Conducted by the newspaper Bild together with research institute INSA, the poll shows a dramatic change in the attitude of the German population to Islam over the past year.
According to this report, in January 2015, 37 percent of people said that Islam had a place in Germany, but the figure in this latest poll dropped by 15 percentage points to just 22 percent.
But the negative attitude towards Islam does not directly translate into mistrust toward those adhering the religion. Less than 30 percent said they would not like to live alongside Muslim people, while almost half said they were fine with it.

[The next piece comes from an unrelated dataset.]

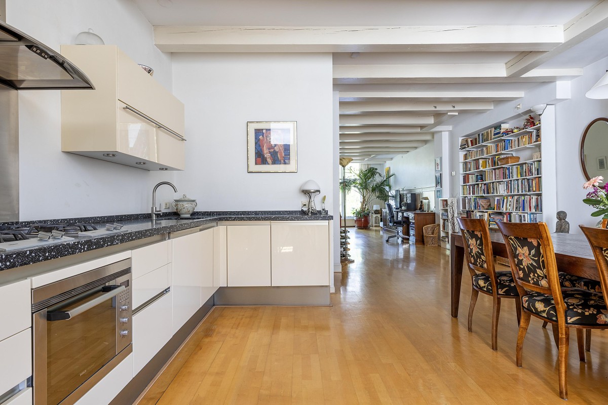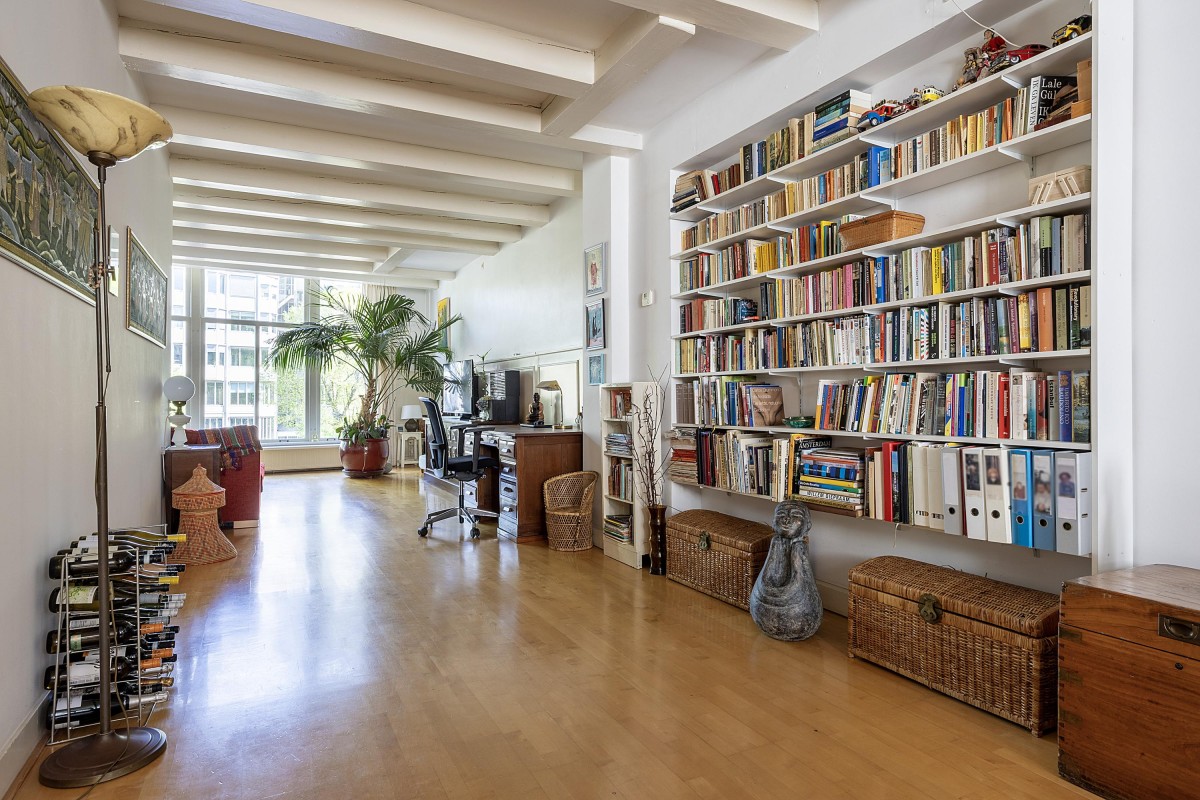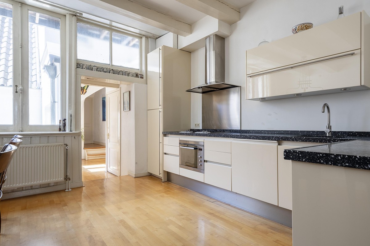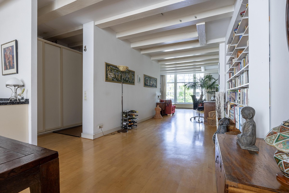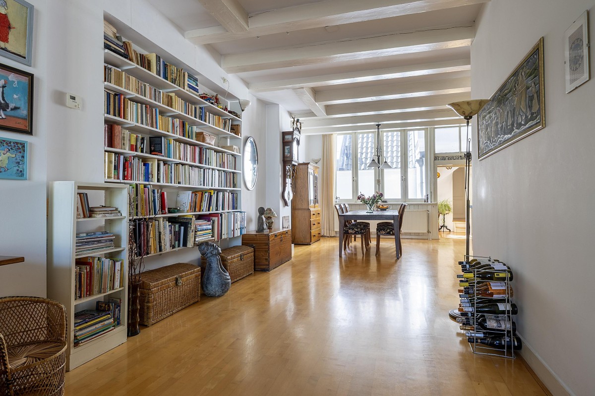 Through the communal staircase, you reach the entrance to the first floor. You step into an attractive and well-laid-out apartment, where the impressively spacious and bright living room at the front immediately catches your eye. Large windows offer a beautiful view of the canal and, together with the high ceilings, create an abundance of light and a pleasant, open atmosphere. At the center of the apartment is the open kitchen, equipped with a gas hob, dishwasher, refrigerator, freezer, and combi oven (Siematic and Bosch). Next to the kitchen, you’ll find a separate toilet with hand basin. At the quiet rear (back house) of the apartment is a generous bedroom, which offers direct access to a west-facing balcony — a wonderful place to relax in the afternoon and evening sun. The adjacent bathroom is equipped with a double sink, a spacious bathtub/shower, and connections for a washer and dryer. From the hall, a fixed staircase leads to the spacious landing on the second (and top) floor of the rear house.

The suspicion towards Islam is overwhelming among the right-wing Alternative for Germany party (AfD) voters, 92 percent of whom supported their party’s stance. At the weekend, the AfD backed an election manifesto which slams Islam as incompatible with the country’s constitution and calls for a ban on Islamic symbols, claiming that there is “no place for Islam in Germany” in its political programme.
The AfD manifest reads:
An orthodox form of Islam that does not respect our laws or even resists them, and makes a claim to be the only valid religion does not correspond to our legal system and culture.
Among other things, the AfD wants to ban the construction of mosques and public wearing of the burqa. Sixty percent of the country’s citizens agree with the AfD, according to the poll.

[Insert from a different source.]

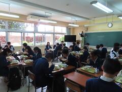 生徒たちは協力して準備を行い、楽しく食事をとっていました。

Critics accuse AfD of playing the xenophobic card and preying on people’s fears. The Council of Muslims in Germany has compared the party’s ideas to Nazi ideology. Still, the AfD won elections in three regions recently.
Germany is among the European countries hit hardest by the ongoing refugee crisis. Last year, over one million asylum seekers arrived in the country from the Middle East.

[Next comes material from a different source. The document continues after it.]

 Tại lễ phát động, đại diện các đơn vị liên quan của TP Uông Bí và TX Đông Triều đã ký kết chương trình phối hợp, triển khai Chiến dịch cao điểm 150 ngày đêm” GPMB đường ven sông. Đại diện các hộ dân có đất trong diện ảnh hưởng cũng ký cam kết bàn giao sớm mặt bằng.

Chancellor Angela Merkel’s government declared an open door policy towards refugees, but as problems and costs associated with the inflow of impoverished foreigners started to escalate, the EU sought help from Turkey to curb and reverse the influx. Brussels promised financial aid and political concessions to Ankara in exchange for halting the flow of refugees and agreeing to take back those whom the Europeans want to deport.